Sometimes I don’t want to let people hear what they want to hear. For example when someone bragging about something and hoping for a compliment, and the people who listen used to responded “wow, cool, you’re great, how could you do that?”, but instead I’ll just say “Ah, so?” something like that. It’s hard for me to do sweet talks. 😦

Tsundere (ツンデレ)

What the heck is tsundere?

a Japanese character development process that describes a person who is initially cold and even hostile towards another person before gradually showing his or her warm side over time.  I’m a tsundere, I keep talking and responded by the opposite way. >_<

***

These things come to my mind after doing my reflection. When people keep saying, “Why are you being single when you’re blah, and blah like this.”, maybe this is the reason for me being single over the years. Physical beauty is not the matter? Indeed. Having an average physical beauty and My inner is sucks, and I think I should fix it.

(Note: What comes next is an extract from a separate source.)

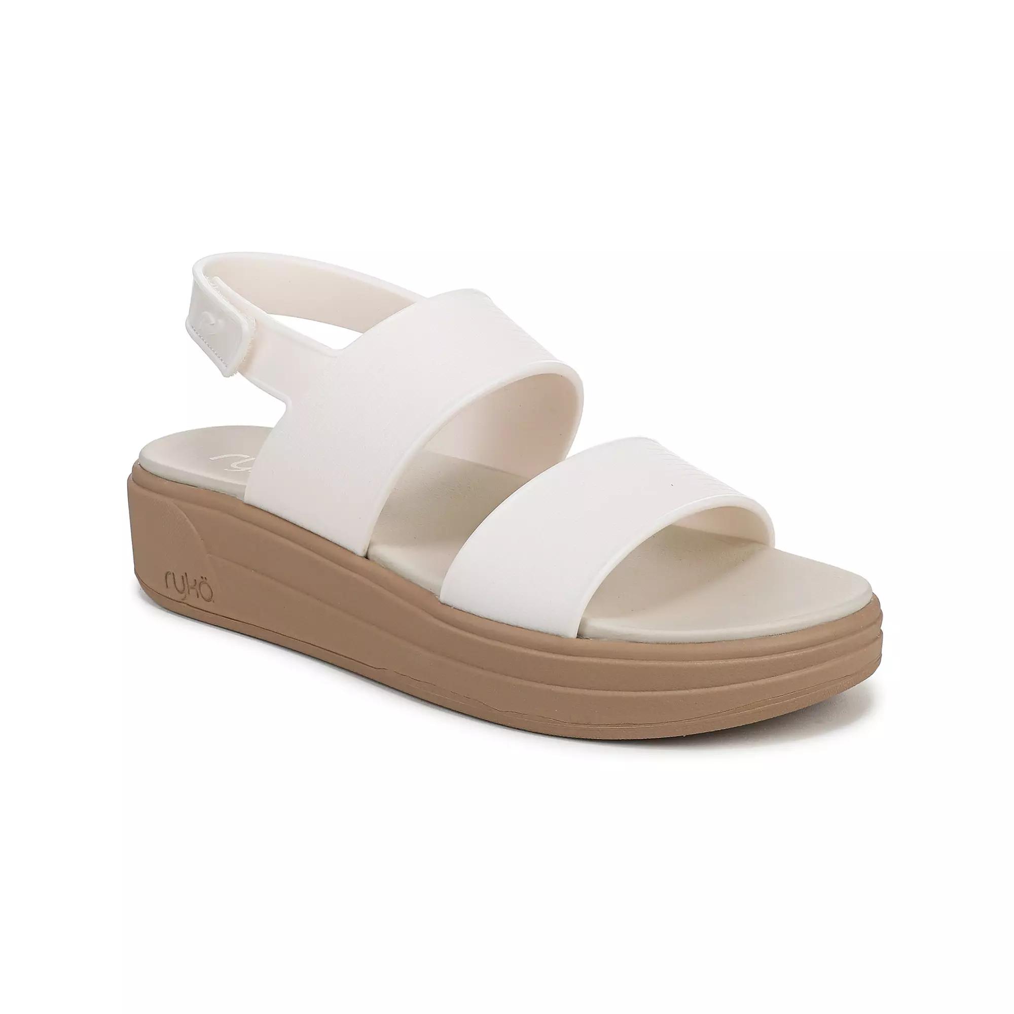 Step into sunshine-ready style with these Ryka sandals that are all about making every step a delight. Featuring a comfy molded footbed and adjustable backstrap, they offer the perfect blend of support and flair for all your daily adventures, ensuring you look fabulous while walking on cloud nine. Click this FOOTWEAR GUIDE to find the perfect fit and more! - https://www.kohls.com/feature/shoesizeguide.jsp. FEATURES: Bestselling Viv bottom with a molded comfort sock, Sunshine-ready strappy silhouette, Built for a woman’s quadricep muscle Q angle, Narrower heel and roomier toe for comfort, Contoured cushioning for stability, Adjustable hook-and-loop backstrap, Molded EVA footbed for support, Dual density EVA outsole for durability, Lightweight design at 222g/7.8oz per shoe, Heel-to-toe drop of 13mm. MATERIAL & CARE: PVC upper, CM EVA+DDHA outsole, Fabric lining, EVA footbed, Spot clean. DETAILS: Hook-and-loop tape closure, Multi-directional outsole, Round toe, 1.375 in. heel height, Imported. Size: 9.5 Wide. Color: White Alyssum. Gender: female. Age Group: adult. Material: OTHER MATERIAL.

But how?

PS:
Do you know the difference between beautiful and pretty?
Beautiful is like when you saw a great art and you can’t imagine them doing cute/funny things because it will crack their beauty. Pretty is simply being cute and lovely. Pretty is also described as beautiful when the beautiful one sometimes is not pretty.
Actresses to describe it  :
Emma Watson and Kristen Stewart on Beautiful League
Teresa Palmer and Saoirse Ronan on Pretty League.